Rolling tractor protest

British farmers, furious about falling milk and lamb prices, have used tractors to stage a rolling rally on roads across Staffordshire and Derbyshire.

Dozens of fed-up farmers from across both counties took part in the peaceful demonstration, which focused on the A50 road in Blythe Bridge, Staffordshire, on Friday (24 July).

The tractor procession later made its way from Uttoxeter, towards Foston, in Derbyshire.

See also: French farmers show price fury with roadblocks and manure

The action was co-ordinated by “word-of-mouth” and was not led by any specific organisation.

About 40 farm vehicles, including tractors, combine harvesters, balers and 4x4s, were blocking the carriageway around lunchtime on Friday.

A Staffordshire Police spokeswoman said: “Motorists are being urged to seek alternative routes due to long traffic delays caused by an ongoing protest by a group of farmers.

“The A50 is blocked from Blythe Bridge towards Stoke-on-Trent due to a large number of very slow-moving farm vehicles.

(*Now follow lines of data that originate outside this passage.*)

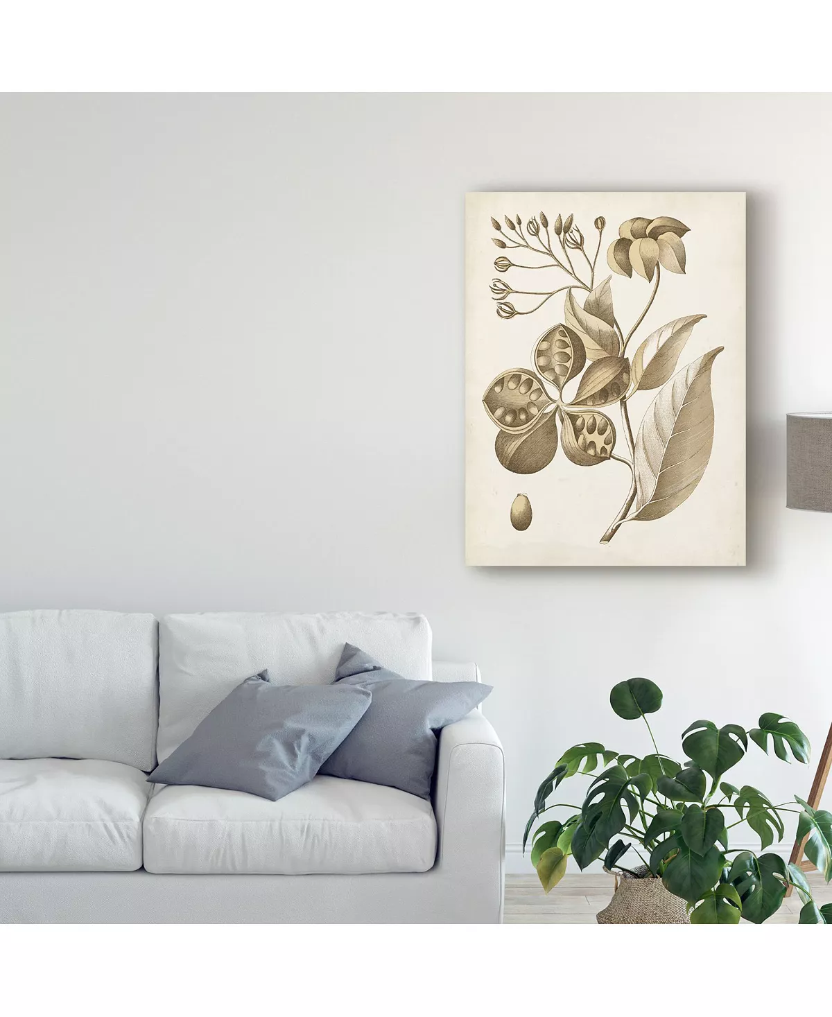 This ready to hang, gallery-wrapped art piece features traditional illustrations of flowers over a beige background. Gallery-wrap is a method of wrapping an artist’s canvas around a hidden, wooden frame allowing for a frameless presentation.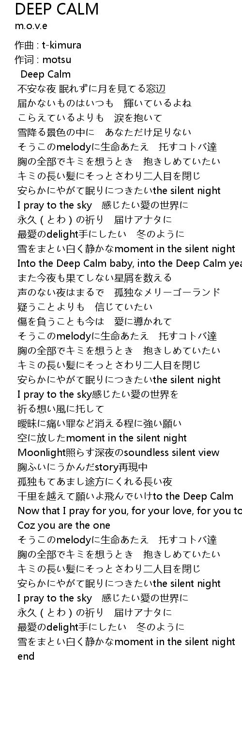 | Into the Deep Calm baby, into the Deep Calm yeah | |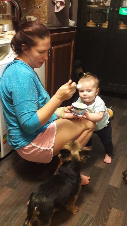 Налила борщ себе,взяла банку сметаны,Веруня увидела и стала просить,дала ей попробовать,потом в ее тарелочку положила и как положено со слюнявчиком и за столом деть ел.А фото просто смешной факт из дедячей жизни,многие и похуже постановочные фотографии делают.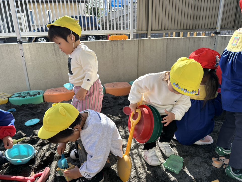 | 今日は園庭で遊びました。久しぶりのスモールハウスやお砂場遊びでみんな嬉しそうにそれぞれ好きなところへ向かっていました。カップやふるい、シャベルを使って食べ物や車など様々なものを作っています。少しだけシャボン玉でも遊びました。 |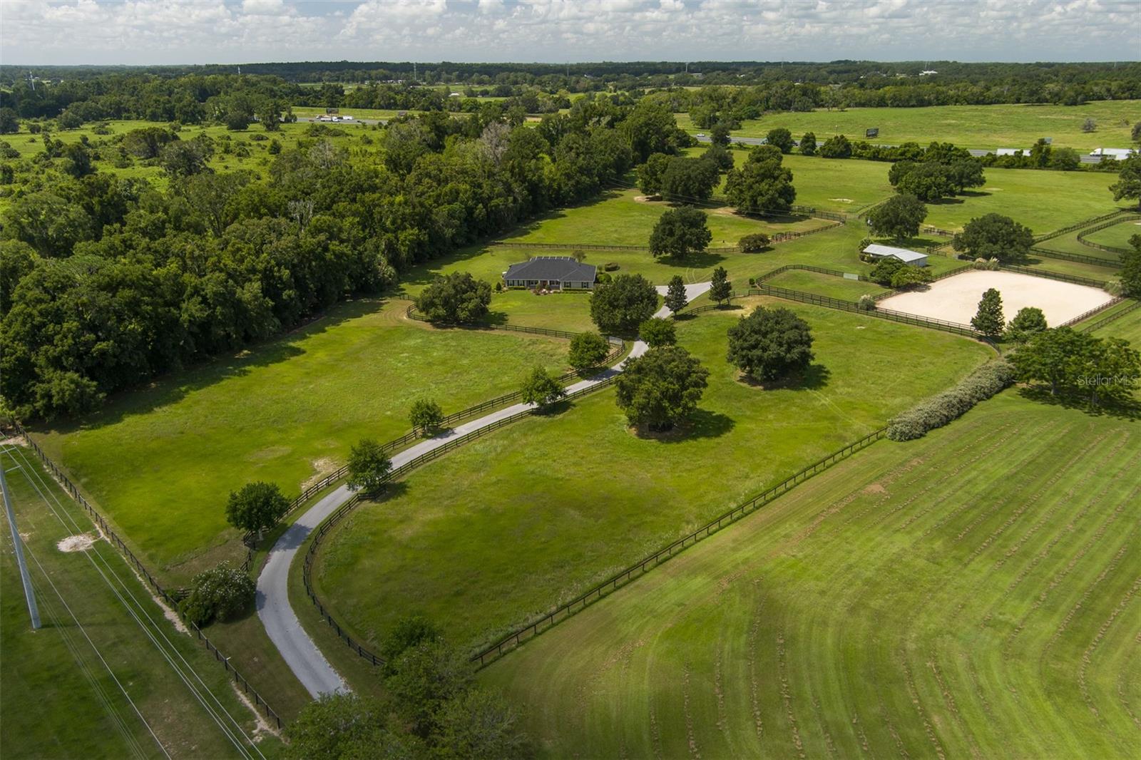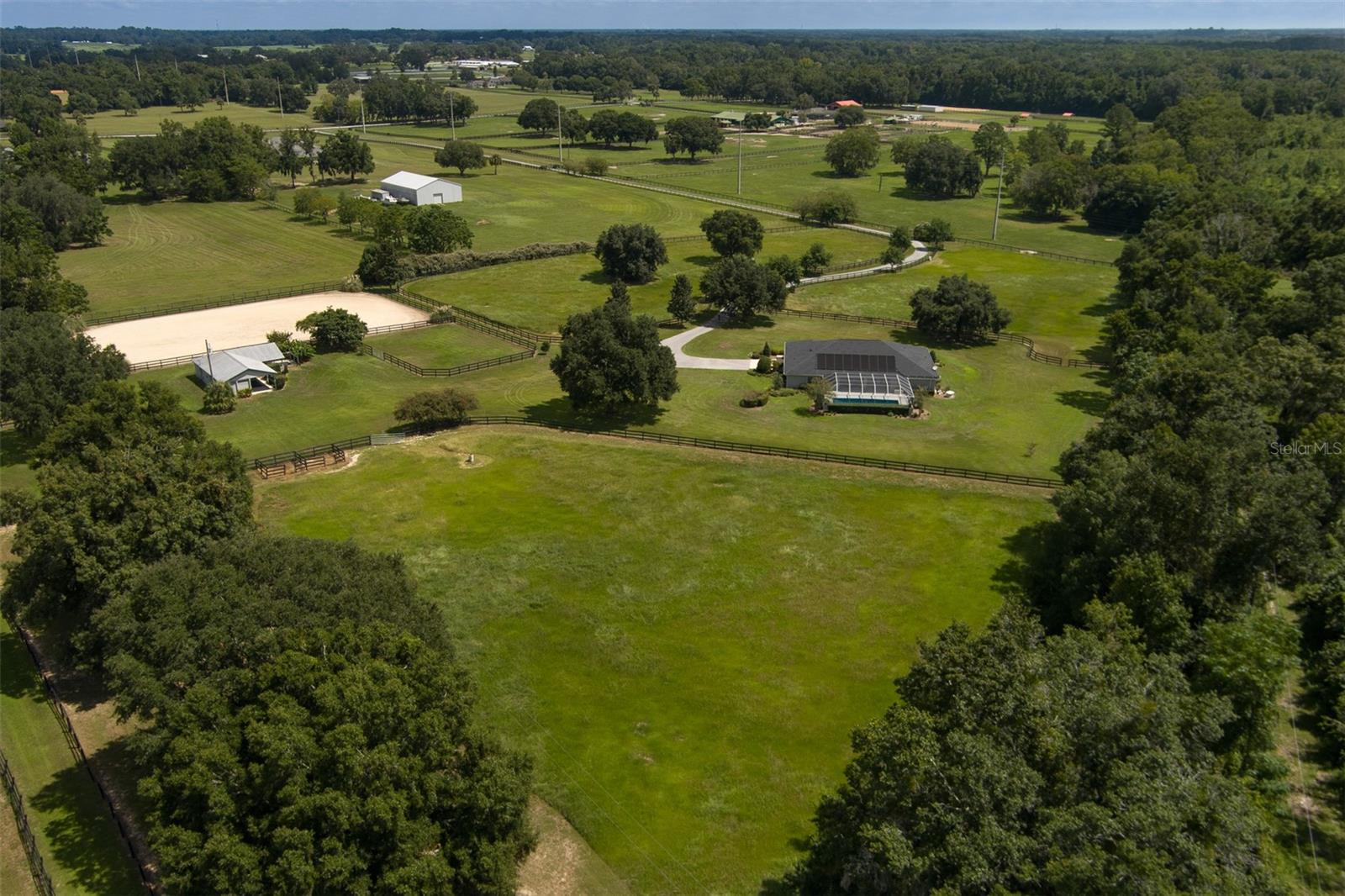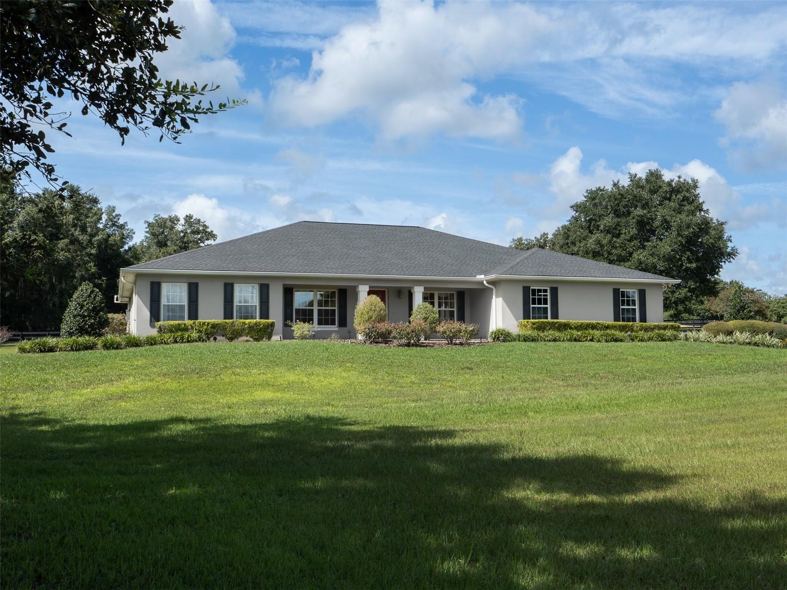 Located in Germantown Farms community of NW Ocala, this beautiful property is 15 minutes from the World Equestrian Center. Spanning approximately 11 acres, this fully fenced property is accessible via a long paved driveway and features mature landscaping, including fruit trees and oak trees. The home offers 4 bedrooms and 3 bathrooms, with tile and wood flooring throughout. The covered front porch and screen-enclosed patio lead to an in-ground saltwater pool, providing a comfortable outdoor living space. Equestrian facilities include 7 paddocks, a riding ring, a 4-stall barn equipped with a feed room, tack room, and a wash rack with hot water. This property is well-suited for those looking to enjoy the equestrian lifestyle in a prime Ocala location.

Officers from Staffordshire Police are at the scene.”

 

Dairy farmer Natalie Allen travelled from Cheadle, Staffordshire to take part in the protest.

“Farmers are at the end of their tether with milk prices where they are at the moment,” she said.

“We have seen what has been happening to farmers in France. It’s the same thing here. Everyone is riled, but everyone wants to do something about this now.”

Mrs Allen milks 150 cows and farms a 350-head herd with her partner on a tenant farm in Cheadle.

They receive 24p/litre for their milk. But from August, the price will drop to 23p/litre.

“The last few months have been crap,” she said.

“We have had to cut back no end. We are only just affording to pay the bills.

“Before, we would split them in half, but now we are splitting them into three and four payments.

“Everyone is suffering. It’s not just the farmers, it’s the vets, the suppliers, everyone. If it goes on like this any longer, soon there will be an animal health issue because farmers will not be able to pay for their vets.”

Where is the NFU?

Mrs Allen called on the NFU to raise its game and help farmers who were desperately battling to stay alive.

“It has been 12 months and we have had four meetings. We have hardly heard anything. It is all going on behind closed doors,” she said.

“What do we pay a subscription to the NFU for? They are supposed to help us when times are bad. Where are they?

“They are too busy going to Brussels. They ought to sort the mess out in their own country first.”

Mrs Allen accused the government and British retailers of standing by and watching farmers suffer.

“The government has got to step in. I know they cannot set a price, but they have got adjudicators,” she said.

“But what exactly has the supermarkets ombudsman done? As far as I’m concerned, she has done nothing for farmers.”

The countryside was being neglected and David Cameron’s government was “not doing enough” for rural issues, she added.

Not just dairy feeling the strain

Another Staffordshire dairy farmer, called Rob, stressed that it was not just dairy farmers who were feeling the pain.

He said: “We have got to the point where farmers from all sectors cannot go on any longer like this.

“Our backs are against the wall. We are losing money hand over fist.

“They used to give us a price to cover cost of production. But it is costing us money to produce food now.

He added: “We feel as if we are on our own. There is a lot of anger and depression in the industry.

“The processors and retailers are all making a margin and they are expecting the farmers to leave with a good view.

“It’s all down to the supermarkets wanting to sell cheap food.

“We are selling a quality product, but we are being made to feel like we are selling rubbish. The Arla price drop today has caused no end of anger.”

NFU chief dairy adviser Sian Davies said: “Dairy farmers across the UK are struggling after months of milk price cuts, the latest from Arla today. We know there’s no respite in the short term but taking direct action in this way is not going to help overcome current market issues.

“Instead we’re working with FFA and TFA to identify and publicise bad practice in the supply chain, increase consumer support for British dairy and provide short-term support to those that need it.

“While this is a global downturn in dairy markets, there’s much more that can be done in the UK dairy supply chain to ensure fairer returns to our hard-working farmers.”

Farmers For Action also distanced itself from the protest, issuing a statement on its website which said: “Although we understand the frustration and anger of those who today have been protesting on the A50, we feel very strongly this will not benefit our cause in the short term. 

“The last people we should be dragging into our argument with retailers, food service industry, milk processors and the government is the general public, who at the end of the day are our consumers who put the money in the tills that comes down the supply chain to pay for our marvellous products.”